[Saved data entries]
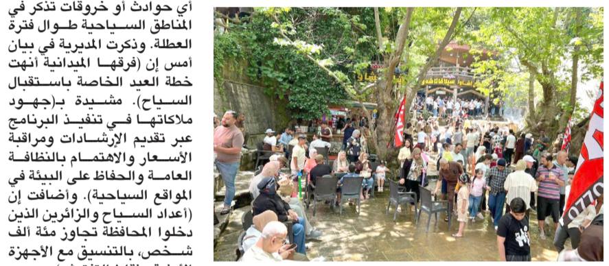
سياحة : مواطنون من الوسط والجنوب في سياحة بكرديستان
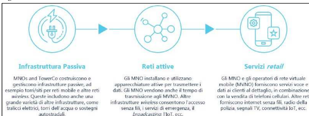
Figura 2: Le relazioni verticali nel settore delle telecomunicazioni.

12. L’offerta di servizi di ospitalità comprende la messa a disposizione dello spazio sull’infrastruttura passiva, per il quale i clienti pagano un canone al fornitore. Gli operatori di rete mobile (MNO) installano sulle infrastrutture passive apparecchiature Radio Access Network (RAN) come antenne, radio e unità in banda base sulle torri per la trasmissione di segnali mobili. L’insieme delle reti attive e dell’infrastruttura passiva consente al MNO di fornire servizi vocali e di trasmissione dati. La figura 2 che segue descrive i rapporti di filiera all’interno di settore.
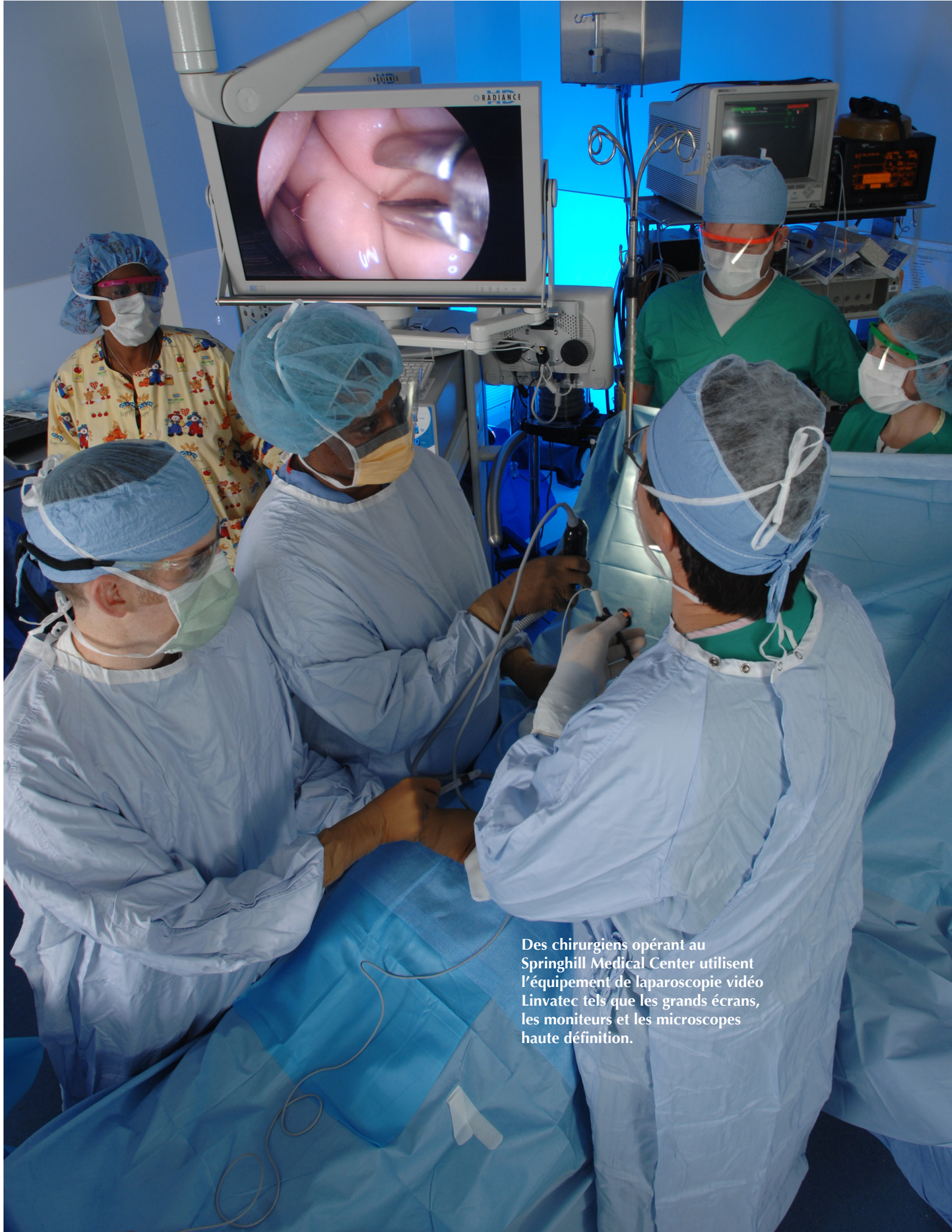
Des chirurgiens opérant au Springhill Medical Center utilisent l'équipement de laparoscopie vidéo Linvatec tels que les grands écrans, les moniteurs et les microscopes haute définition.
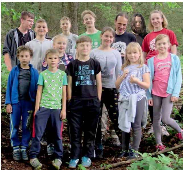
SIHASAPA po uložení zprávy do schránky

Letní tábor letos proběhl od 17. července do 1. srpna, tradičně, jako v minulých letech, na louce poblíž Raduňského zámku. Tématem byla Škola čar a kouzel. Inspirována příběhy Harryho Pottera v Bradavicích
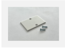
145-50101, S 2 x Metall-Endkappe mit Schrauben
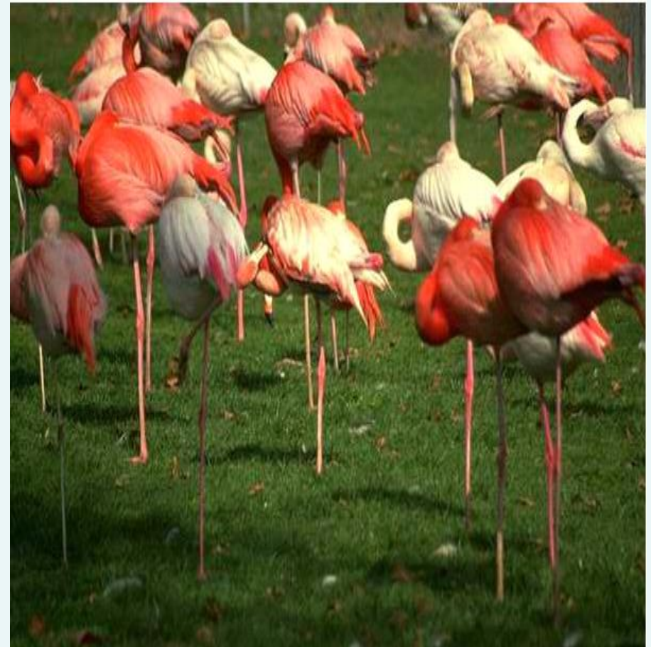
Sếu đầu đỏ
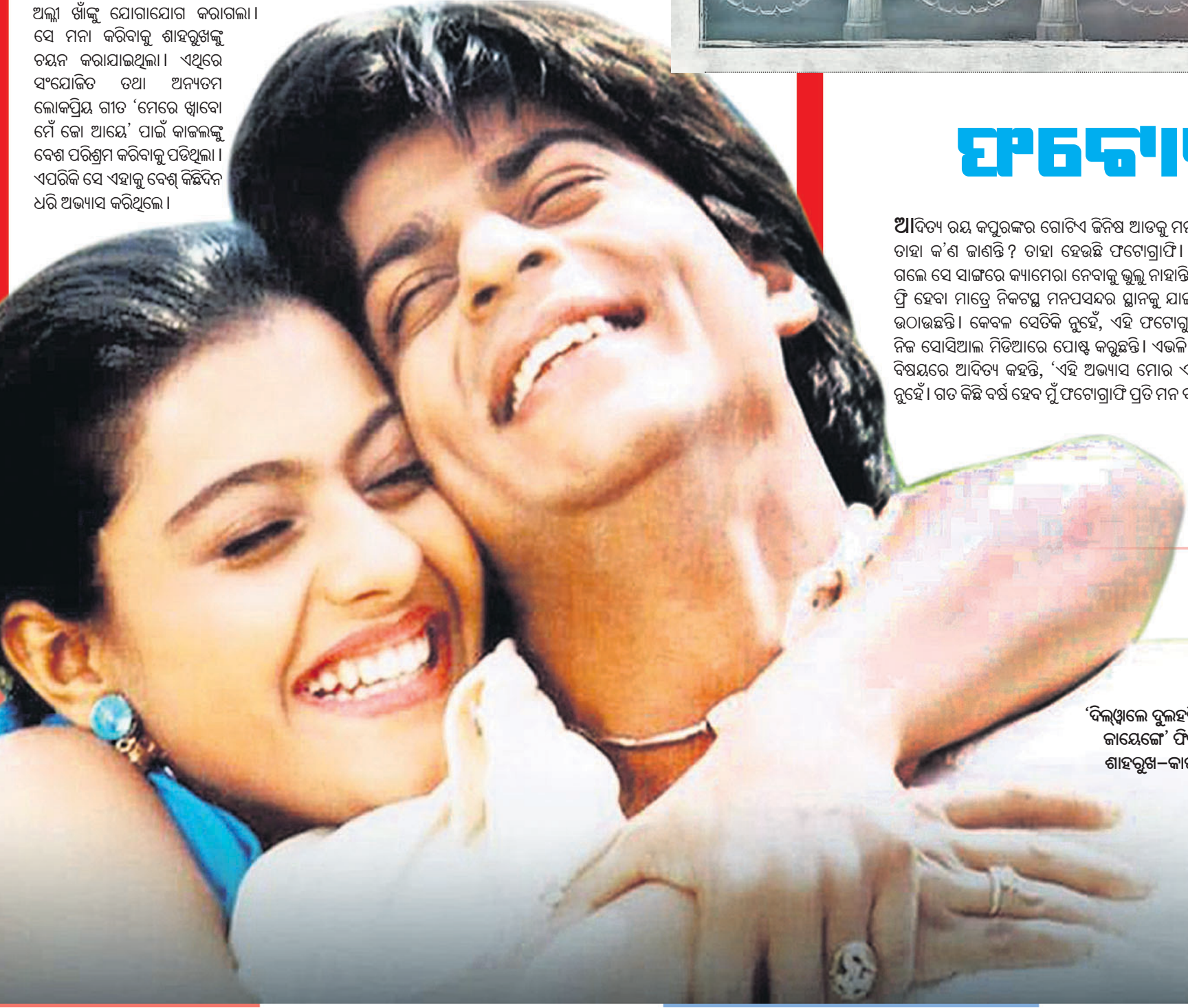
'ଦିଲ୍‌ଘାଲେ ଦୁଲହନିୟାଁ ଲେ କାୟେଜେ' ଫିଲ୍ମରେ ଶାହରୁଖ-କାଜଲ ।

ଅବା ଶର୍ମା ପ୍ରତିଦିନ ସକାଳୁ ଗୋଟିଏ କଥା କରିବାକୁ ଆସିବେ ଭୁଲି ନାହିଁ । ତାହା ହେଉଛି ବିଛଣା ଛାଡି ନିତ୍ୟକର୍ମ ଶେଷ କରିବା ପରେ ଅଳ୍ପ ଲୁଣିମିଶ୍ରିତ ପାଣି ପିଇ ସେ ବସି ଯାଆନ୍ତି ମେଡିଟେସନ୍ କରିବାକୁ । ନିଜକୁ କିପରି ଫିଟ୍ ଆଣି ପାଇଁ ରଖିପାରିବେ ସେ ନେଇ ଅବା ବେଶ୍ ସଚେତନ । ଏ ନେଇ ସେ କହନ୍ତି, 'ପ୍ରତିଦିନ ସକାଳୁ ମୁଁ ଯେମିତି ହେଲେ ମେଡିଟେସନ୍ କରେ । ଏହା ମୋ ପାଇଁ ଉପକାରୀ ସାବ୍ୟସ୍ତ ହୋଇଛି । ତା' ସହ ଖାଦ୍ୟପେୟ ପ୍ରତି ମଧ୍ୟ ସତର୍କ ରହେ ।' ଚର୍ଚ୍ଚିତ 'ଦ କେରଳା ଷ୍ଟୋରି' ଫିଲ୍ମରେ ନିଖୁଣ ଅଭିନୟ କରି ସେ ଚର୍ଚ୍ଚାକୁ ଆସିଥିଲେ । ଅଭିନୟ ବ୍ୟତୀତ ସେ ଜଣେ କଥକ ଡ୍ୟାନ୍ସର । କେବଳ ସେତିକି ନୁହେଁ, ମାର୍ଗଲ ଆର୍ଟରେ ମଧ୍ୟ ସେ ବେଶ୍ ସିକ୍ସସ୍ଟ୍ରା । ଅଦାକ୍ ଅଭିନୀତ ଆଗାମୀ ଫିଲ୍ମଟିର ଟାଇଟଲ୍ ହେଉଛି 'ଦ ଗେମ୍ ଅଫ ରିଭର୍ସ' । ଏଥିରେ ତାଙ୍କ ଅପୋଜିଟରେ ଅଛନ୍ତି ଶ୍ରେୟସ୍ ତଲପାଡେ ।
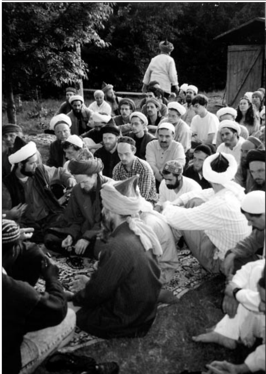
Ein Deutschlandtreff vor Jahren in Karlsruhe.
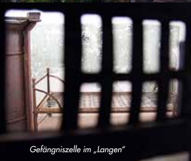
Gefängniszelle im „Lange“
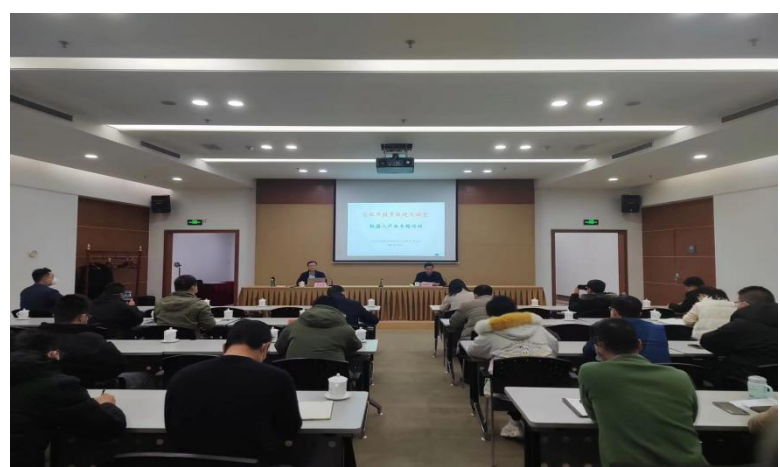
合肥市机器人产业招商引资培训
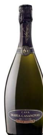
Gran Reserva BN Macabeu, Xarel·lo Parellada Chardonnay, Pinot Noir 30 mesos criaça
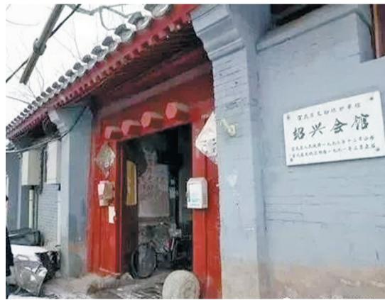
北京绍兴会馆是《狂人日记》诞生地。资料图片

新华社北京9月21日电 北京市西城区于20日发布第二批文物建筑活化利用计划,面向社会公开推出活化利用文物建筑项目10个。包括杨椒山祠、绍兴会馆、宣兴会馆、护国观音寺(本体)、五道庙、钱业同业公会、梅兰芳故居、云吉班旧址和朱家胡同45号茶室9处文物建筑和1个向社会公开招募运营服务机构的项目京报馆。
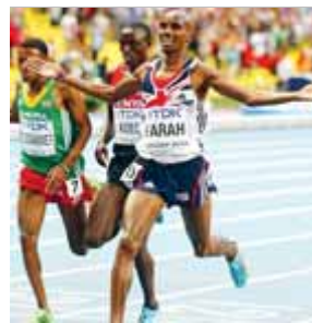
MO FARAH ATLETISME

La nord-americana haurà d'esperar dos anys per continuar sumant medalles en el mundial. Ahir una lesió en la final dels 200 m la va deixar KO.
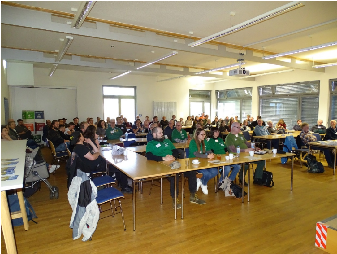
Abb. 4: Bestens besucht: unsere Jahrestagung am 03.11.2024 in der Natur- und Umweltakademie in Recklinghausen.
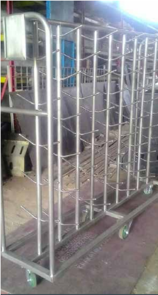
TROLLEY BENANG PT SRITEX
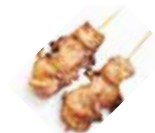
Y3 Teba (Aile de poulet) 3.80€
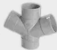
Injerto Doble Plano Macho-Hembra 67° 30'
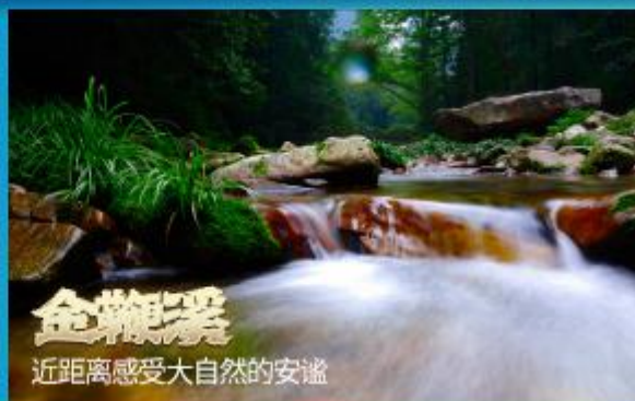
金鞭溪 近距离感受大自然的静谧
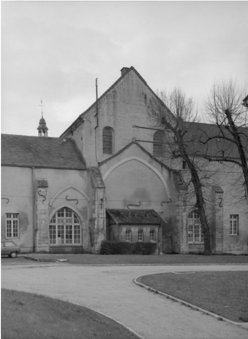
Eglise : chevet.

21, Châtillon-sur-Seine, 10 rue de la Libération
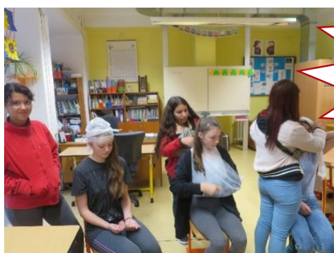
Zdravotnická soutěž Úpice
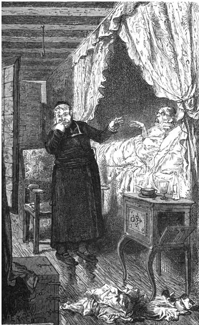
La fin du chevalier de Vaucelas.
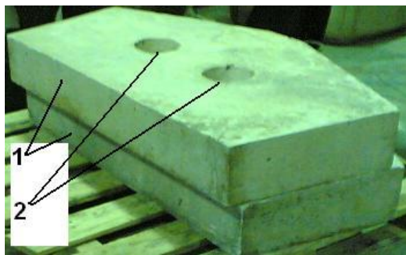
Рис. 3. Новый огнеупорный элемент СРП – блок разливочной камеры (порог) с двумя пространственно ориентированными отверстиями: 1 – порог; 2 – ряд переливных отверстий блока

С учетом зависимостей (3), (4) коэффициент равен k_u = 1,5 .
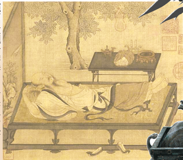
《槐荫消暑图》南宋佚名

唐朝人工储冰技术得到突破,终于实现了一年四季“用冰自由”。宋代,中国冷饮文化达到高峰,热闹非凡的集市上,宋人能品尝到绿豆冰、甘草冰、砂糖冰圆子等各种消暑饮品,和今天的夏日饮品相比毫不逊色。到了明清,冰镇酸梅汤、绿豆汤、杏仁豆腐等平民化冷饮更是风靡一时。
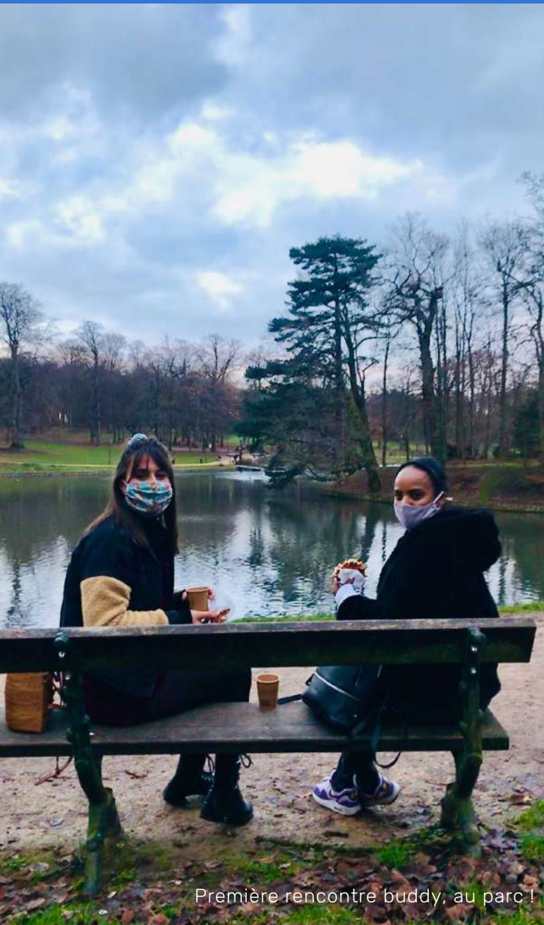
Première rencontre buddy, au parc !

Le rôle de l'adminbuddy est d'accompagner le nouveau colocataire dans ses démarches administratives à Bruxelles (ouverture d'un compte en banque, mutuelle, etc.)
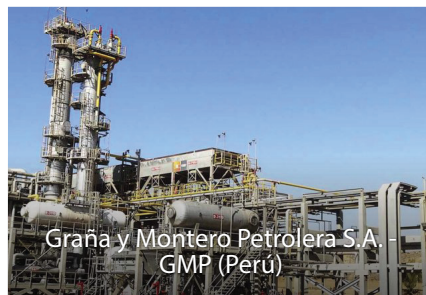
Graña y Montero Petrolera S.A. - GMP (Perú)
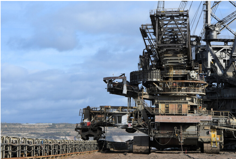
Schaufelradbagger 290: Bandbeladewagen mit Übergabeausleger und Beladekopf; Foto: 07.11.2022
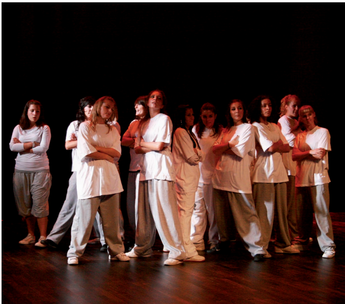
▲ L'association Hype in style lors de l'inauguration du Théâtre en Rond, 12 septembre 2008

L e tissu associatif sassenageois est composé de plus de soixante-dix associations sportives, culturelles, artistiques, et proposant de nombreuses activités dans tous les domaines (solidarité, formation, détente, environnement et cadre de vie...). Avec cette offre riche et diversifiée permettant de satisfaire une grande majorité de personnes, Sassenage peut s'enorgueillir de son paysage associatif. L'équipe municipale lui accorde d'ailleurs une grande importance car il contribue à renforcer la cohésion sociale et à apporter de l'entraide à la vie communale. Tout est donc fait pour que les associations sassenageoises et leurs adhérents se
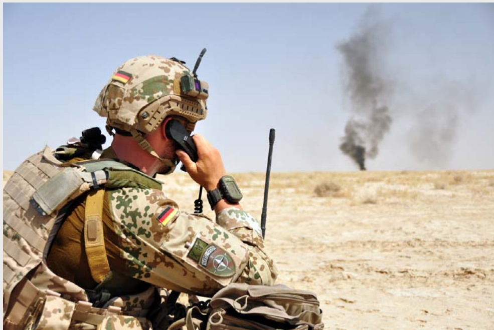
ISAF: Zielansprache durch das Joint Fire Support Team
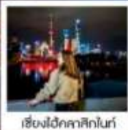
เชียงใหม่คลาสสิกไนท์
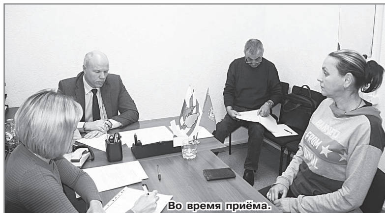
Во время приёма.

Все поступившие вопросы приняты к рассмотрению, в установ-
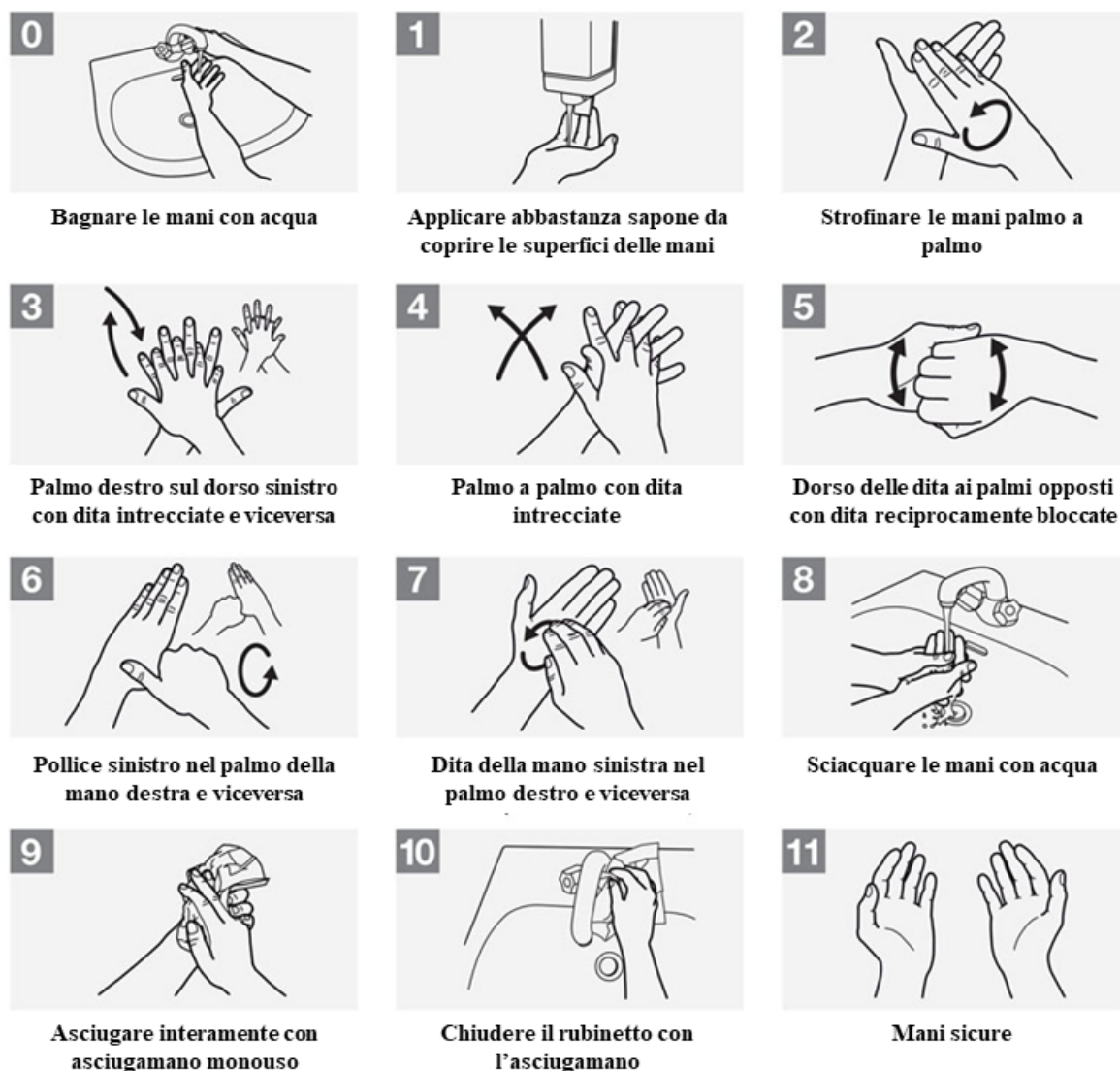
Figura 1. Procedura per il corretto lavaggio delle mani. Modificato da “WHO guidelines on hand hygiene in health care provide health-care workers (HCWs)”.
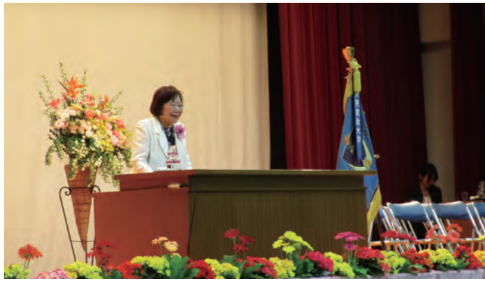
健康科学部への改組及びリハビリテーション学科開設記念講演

• **PROBLEM TO SOLVE**: Nothing but an exact copy is asked for: the lines from the start of the records through the line with "ଫିଲ୍ମରେ ଶାହରୁଖ-କାଜଲ ।", both ends included, minus any pictures.

• **TASK RESPONSE**:
سياحة : مواطنون من الوسط والجنوب في سياحة بكرديستان
Figura 2: Le relazioni verticali nel settore delle telecomunicazioni.

12. L’offerta di servizi di ospitalità comprende la messa a disposizione dello spazio sull’infrastruttura passiva, per il quale i clienti pagano un canone al fornitore. Gli operatori di rete mobile (MNO) installano sulle infrastrutture passive apparecchiature Radio Access Network (RAN) come antenne, radio e unità in banda base sulle torri per la trasmissione di segnali mobili. L’insieme delle reti attive e dell’infrastruttura passiva consente al MNO di fornire servizi vocali e di trasmissione dati. La figura 2 che segue descrive i rapporti di filiera all’interno di settore.
Des chirurgiens opérant au Springhill Medical Center utilisent l'équipement de laparoscopie vidéo Linvatec tels que les grands écrans, les moniteurs et les microscopes haute définition.
SIHASAPA po uložení zprávy do schránky

Letní tábor letos proběhl od 17. července do 1. srpna, tradičně, jako v minulých letech, na louce poblíž Raduňského zámku. Tématem byla Škola čar a kouzel. Inspirována příběhy Harryho Pottera v Bradavicích
145-50101, S 2 x Metall-Endkappe mit Schrauben
Sếu đầu đỏ
'ଦିଲ୍‌ଘାଲେ ଦୁଲହନିୟାଁ ଲେ କାୟେଜେ' ଫିଲ୍ମରେ ଶାହରୁଖ-କାଜଲ ।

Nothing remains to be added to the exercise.